One-hundred thirty years removed from Alexander Cartwright, the Boston Beaneaters, infielders without gloves, and local members of the Church acting as umpires, baseball has evolved into a game that we — with over a century’s worth of data in front of us — can both analyze and evaluate with a surprising degree of proficiency.
By looking at a player, we’ll call him “Andruw,” and seeing that he draws a good number of walks, hits for an encouraging amount of power, and does so at the tender age of 20 — we can predict that somewhere down the line he will eventually develop into one of the better hitters in the game. And you know what? Most of the time we’re right. Hitting is — for lack of a better word — easy to predict, as long as you understand what statistics correlate best, from season to season, along the traditional growth curve.
Nevertheless, for as much as we seem to know about predicting a batter’s success — or a lack thereof — pitching, and the ability to evaluate which pitchers predict best for the future, is something that few seem to understand here in the 21st century.
Why is this, you ask? Why is it that pitchers are so hard to project, especially at a young age? The answer lies in one word, my friends: Injuries. The sheer abundance of injuries.
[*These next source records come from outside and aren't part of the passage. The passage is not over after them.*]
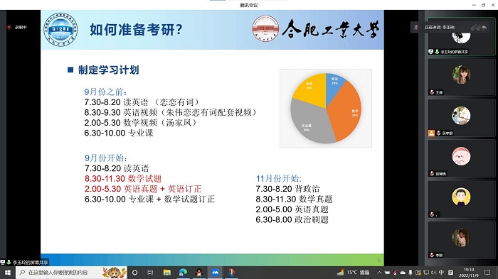 李玉玲学姐来自13软件工程(2)班,现在在合肥工业大学读博士,她向我们分享了她的备考经验,她谈到我们需要制定计划并且执行计划,并且需要劳逸结合,对于目标院校的选择也需要切合自身水平去报考,对于考研,她是这样说“我们需要明白自己将来想要做什么,自己是否真的想要考研,不要因为随大流而去考研,这类人往往也是最容易放弃的”,随后学姐又向我们分享了她的研究生生活,并且告诉我们现在不是躺平的时候,应该努力学习,提升自己。
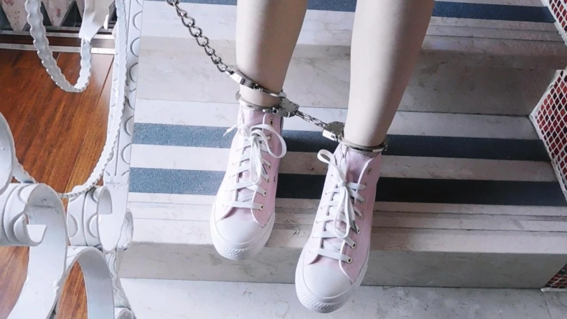 妹子在等朋友回来,劫匪却偷偷闯入,把她弄到台阶上,手锁在栏杆里,脚镣拴住一只脚,戴上脚铐,脱下鞋,戴上脚趾铐,挠脚心。挠了一会,解开脚趾铐,脱下袜子,再锁上,并把脚趾和脚腕连起来,继续挠。又挠了一会,劫匪把妹子抱起来,躺在床上,继续挠脚心。劫匪把妹子弄趴下,继续挠脚心,直到妹子说出密码,劫匪扔下妹子离去。
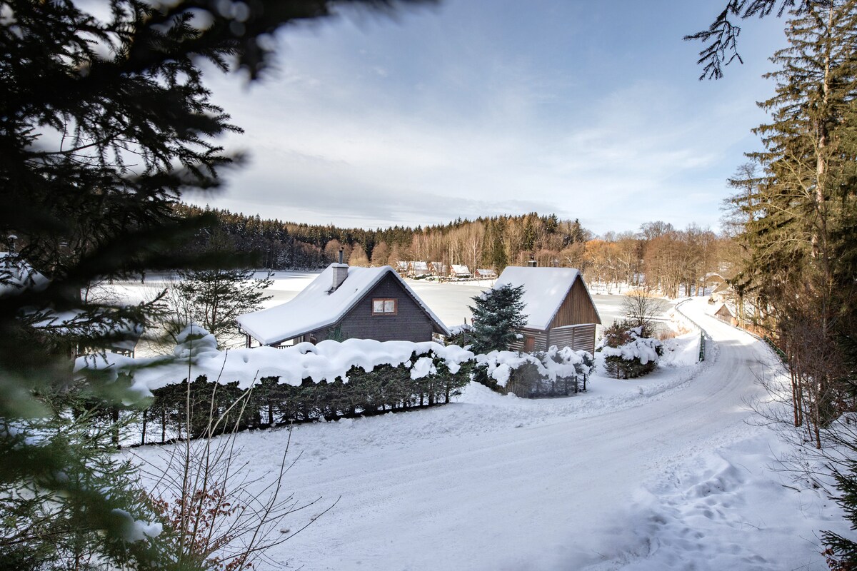 Indlu yeholide eyakhiwe ngamaplanga kwiPovltavské Trail
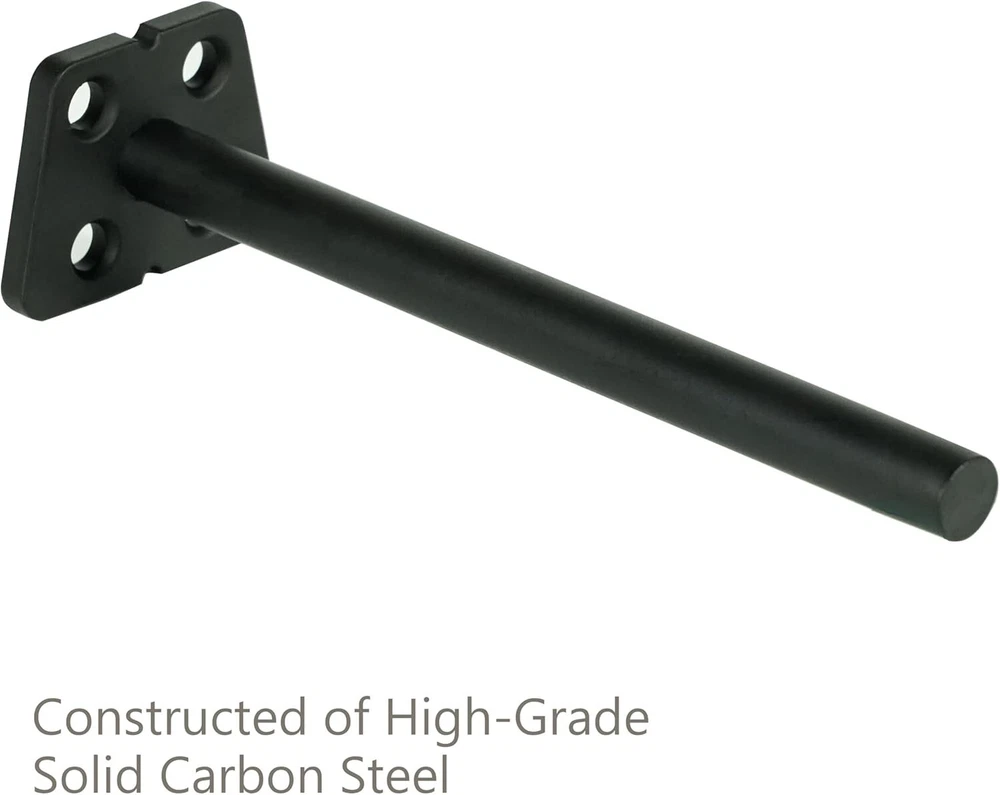 About this item Rod Length: 10” | Diameter: 1/2”, Backplate Width:2” | Tall: 1-1/2”. Perfect for shelves 11"-14" deep and 1 -3/4 to 2-1/2 inch thick ACCURACY- Precision laser-welded and a custom-made Dowel Jig makes it easy to get a hidden shelf with perfect leveling TOUGH- Constructed of rugged solid carbon steel with an industrial-grade powder coating that is anti-rust and chip-free LARGE CAPACITY- 150 lbs. max weight capacity per pair when all four holes are mounted into standard American 2x4 Studs EASY TO INSTALL- Screws, anchors, and a dowel jig include. Also comes with easy-to-follow detailed instructions that guide you step by step in the installation process

And what consistently causes injuries, within the life of a pitcher? Well, to tell you the truth, we’re not quite sure. There are a number of complex factors that go into every pitcher’s decline — workload being one of the more discussed issues as of late — but the fact of the matter is that the level of knowledge, the sheer accumulation of data, we have at this point is far too small to draw any worthwhile conclusions on the subject. For every Kerry Wood, it seems, there is a Randy Johnson or a Curt Schilling to make us reconsider our argument.
With that being said, the one thing that analysts have been able to recognize over the past few years — in regard to pitcher projections — is the continuing lack of long-term success for those who enter the majors before the age of 21.
You want evidence? Consider this: Since 1980, only 14 pitchers — younger than 21 — have made more than ten starts at the major-league level. Eleven of those 14 pitchers, or 78.5%, have suffered through at least a career-threatening injury — with most of them losing effectiveness in their mid-to-late twenties. That’s roughly five to seven years before “normally” successful pitchers decline, for those of you scoring at home.
Pitcher Team Year Starts
Oh, and the other three pitchers who didn’t suffer through career-threatening injuries? Well, you may have heard of them: their names are CC Sabathia, Rick Ankiel, and Jon Garland — pitchers who, at the time of this writing, are just 21, 23, 21 years of age. And does anyone want to tell me that they think these three are completely immune from a similar fate? I didn’t think so. Even with such a small sample size as 14 pitchers, when the evidence is clearly pointing in one, definitive, direction — such as this — heed must be paid to what undeniably appears to be a trend.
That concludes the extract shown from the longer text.